* _DATA TO USE_
···
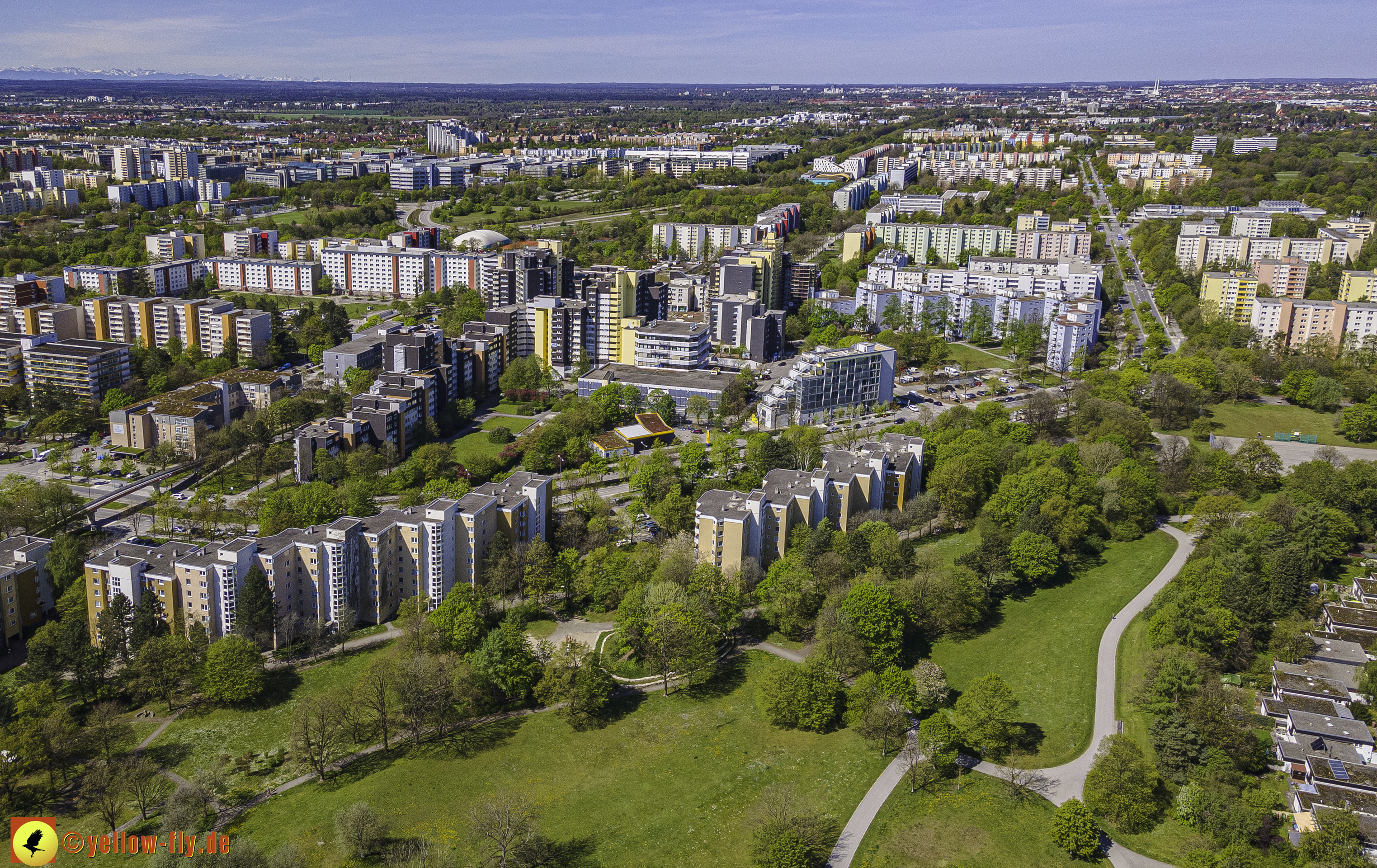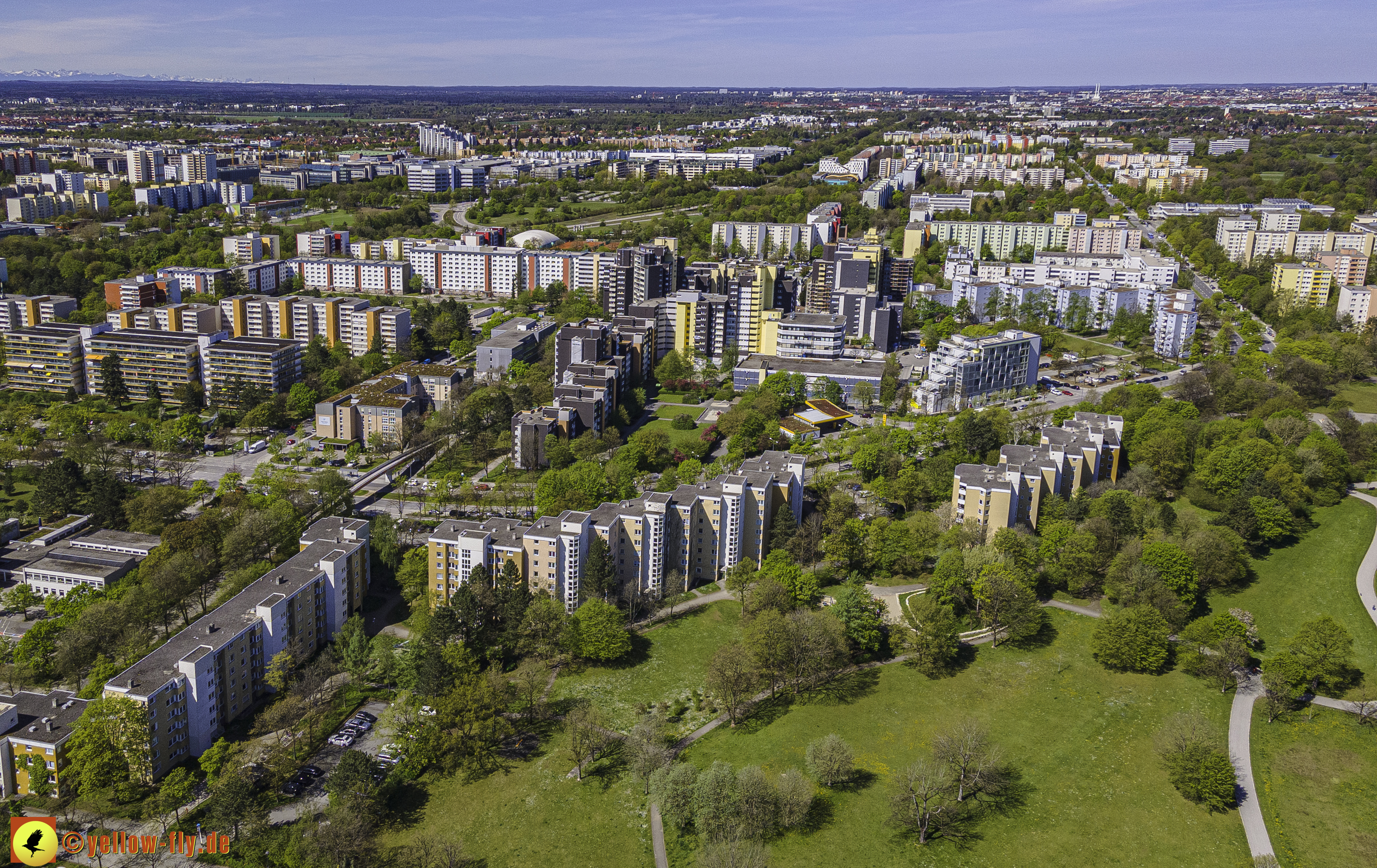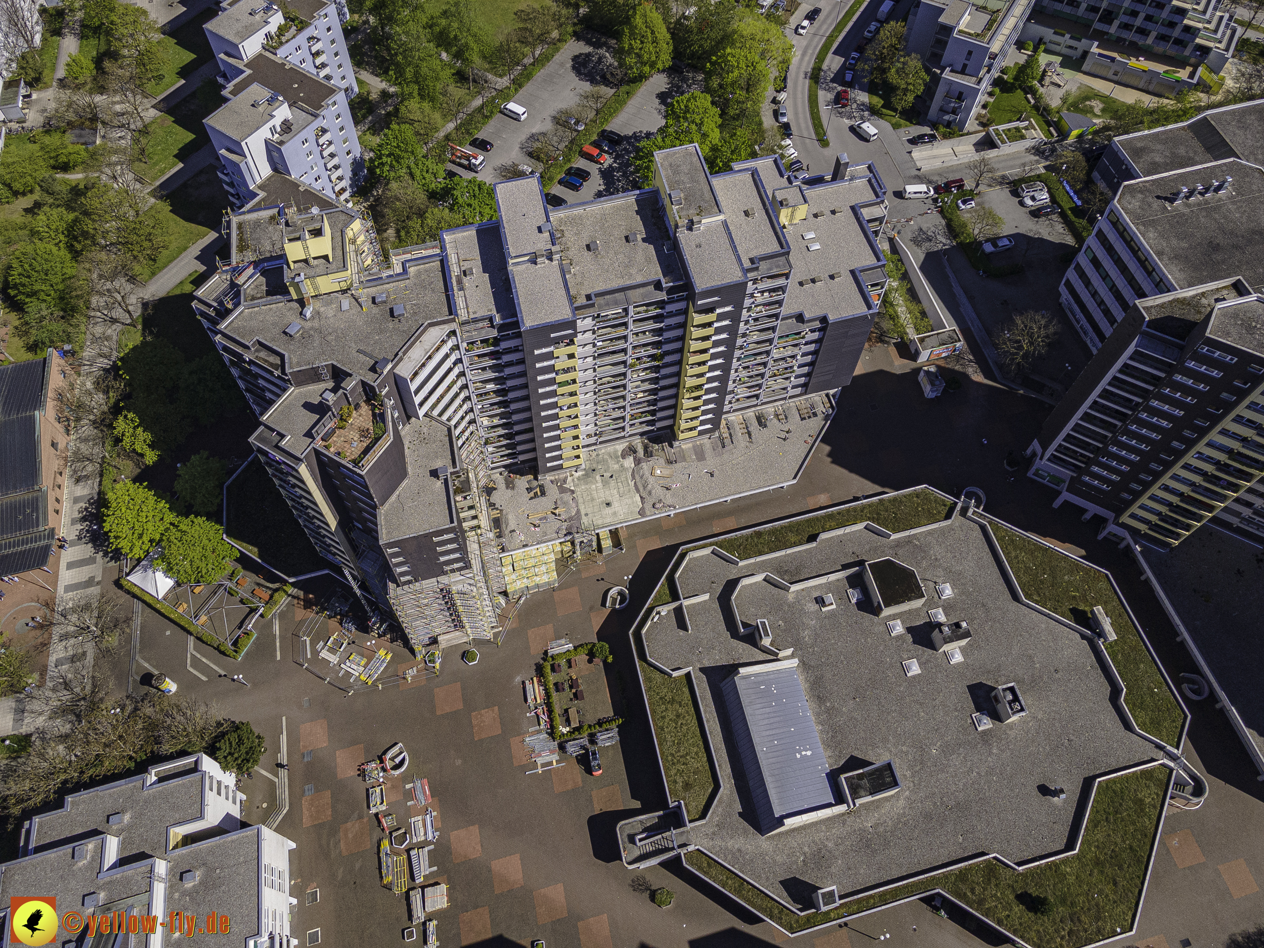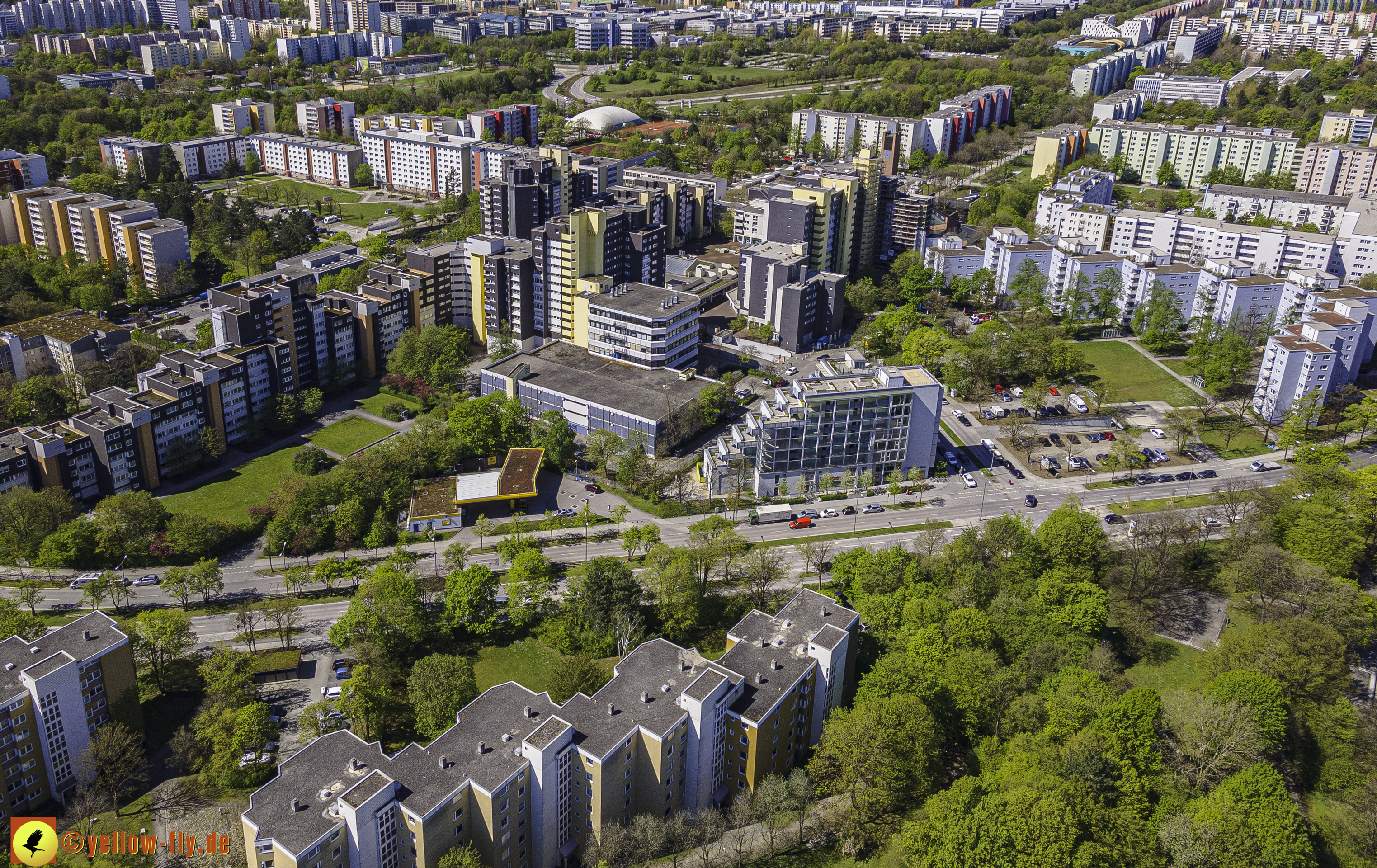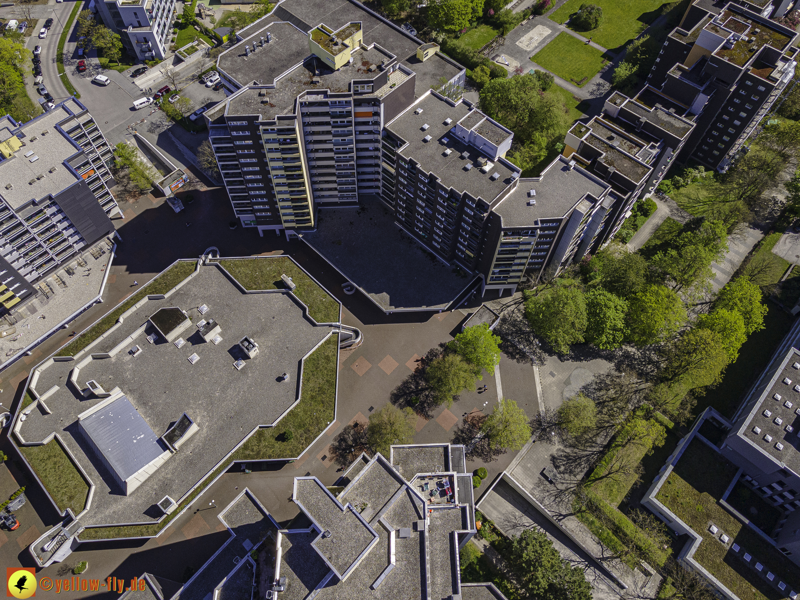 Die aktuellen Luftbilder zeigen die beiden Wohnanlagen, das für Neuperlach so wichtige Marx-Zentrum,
···
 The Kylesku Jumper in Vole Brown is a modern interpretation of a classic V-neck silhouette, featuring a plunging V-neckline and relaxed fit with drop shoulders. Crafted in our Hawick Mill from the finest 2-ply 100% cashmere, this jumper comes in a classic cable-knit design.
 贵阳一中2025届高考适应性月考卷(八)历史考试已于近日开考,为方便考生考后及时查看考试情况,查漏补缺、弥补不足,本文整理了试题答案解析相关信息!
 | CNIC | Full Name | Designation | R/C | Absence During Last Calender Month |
···
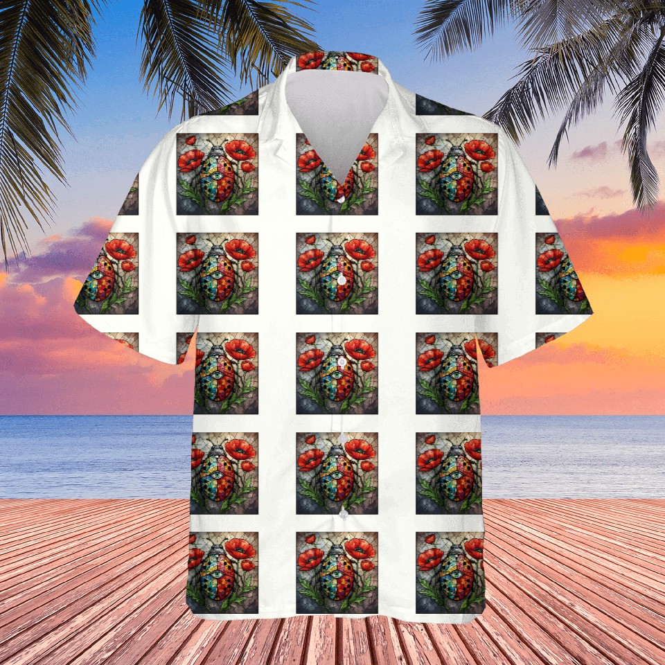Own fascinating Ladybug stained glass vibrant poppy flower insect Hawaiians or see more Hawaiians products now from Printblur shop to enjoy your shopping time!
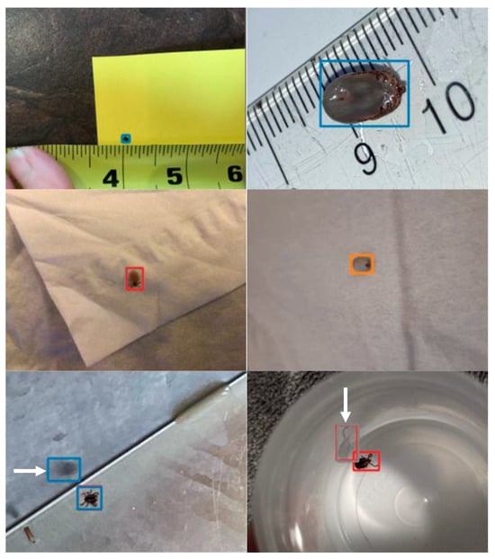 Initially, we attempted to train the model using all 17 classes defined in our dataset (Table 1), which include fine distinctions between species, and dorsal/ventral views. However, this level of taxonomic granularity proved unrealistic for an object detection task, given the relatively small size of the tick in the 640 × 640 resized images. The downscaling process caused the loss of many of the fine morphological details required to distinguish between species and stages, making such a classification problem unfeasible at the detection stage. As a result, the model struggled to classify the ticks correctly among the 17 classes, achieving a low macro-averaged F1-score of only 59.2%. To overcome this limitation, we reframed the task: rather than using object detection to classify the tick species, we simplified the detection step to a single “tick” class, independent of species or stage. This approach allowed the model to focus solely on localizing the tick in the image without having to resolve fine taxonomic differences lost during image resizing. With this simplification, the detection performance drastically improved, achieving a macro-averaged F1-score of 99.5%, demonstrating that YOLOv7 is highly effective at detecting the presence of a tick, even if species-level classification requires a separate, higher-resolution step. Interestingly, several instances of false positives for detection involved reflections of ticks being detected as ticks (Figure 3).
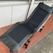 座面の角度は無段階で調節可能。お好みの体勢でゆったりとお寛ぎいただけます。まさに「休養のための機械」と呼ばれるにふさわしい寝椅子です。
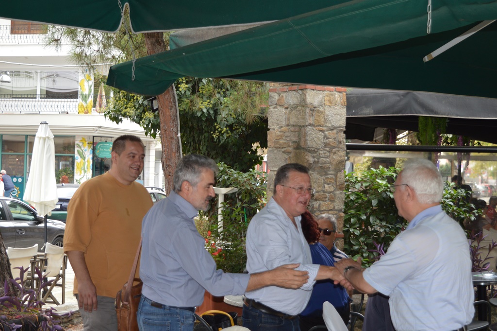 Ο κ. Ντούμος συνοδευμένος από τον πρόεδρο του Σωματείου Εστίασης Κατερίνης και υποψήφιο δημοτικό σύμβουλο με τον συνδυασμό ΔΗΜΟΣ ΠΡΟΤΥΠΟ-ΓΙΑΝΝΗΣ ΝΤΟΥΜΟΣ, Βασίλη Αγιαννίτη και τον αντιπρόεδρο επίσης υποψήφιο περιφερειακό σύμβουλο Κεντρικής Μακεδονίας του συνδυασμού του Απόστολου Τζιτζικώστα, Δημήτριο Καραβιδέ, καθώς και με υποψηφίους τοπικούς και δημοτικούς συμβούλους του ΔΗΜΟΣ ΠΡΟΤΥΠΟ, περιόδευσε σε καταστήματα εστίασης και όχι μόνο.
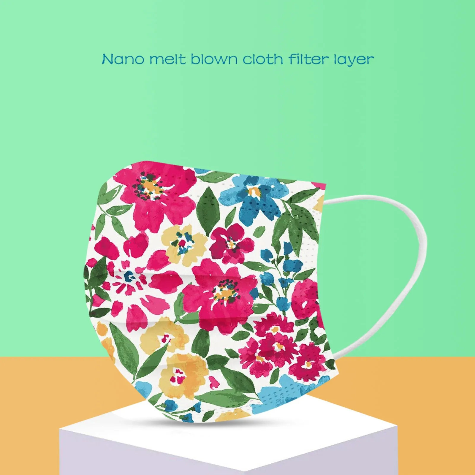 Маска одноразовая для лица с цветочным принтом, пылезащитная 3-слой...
···
* _REQUIREMENT_
Everything from the line containing "The Kylesku Jumper" through the line containing "Calender Month |" in the material above should be retyped exactly, both ends included, and nothing more.

* _SOLUTION TO THE PROBLEM_
 The Kylesku Jumper in Vole Brown is a modern interpretation of a classic V-neck silhouette, featuring a plunging V-neckline and relaxed fit with drop shoulders. Crafted in our Hawick Mill from the finest 2-ply 100% cashmere, this jumper comes in a classic cable-knit design.
 贵阳一中2025届高考适应性月考卷(八)历史考试已于近日开考,为方便考生考后及时查看考试情况,查漏补缺、弥补不足,本文整理了试题答案解析相关信息!
 | CNIC | Full Name | Designation | R/C | Absence During Last Calender Month |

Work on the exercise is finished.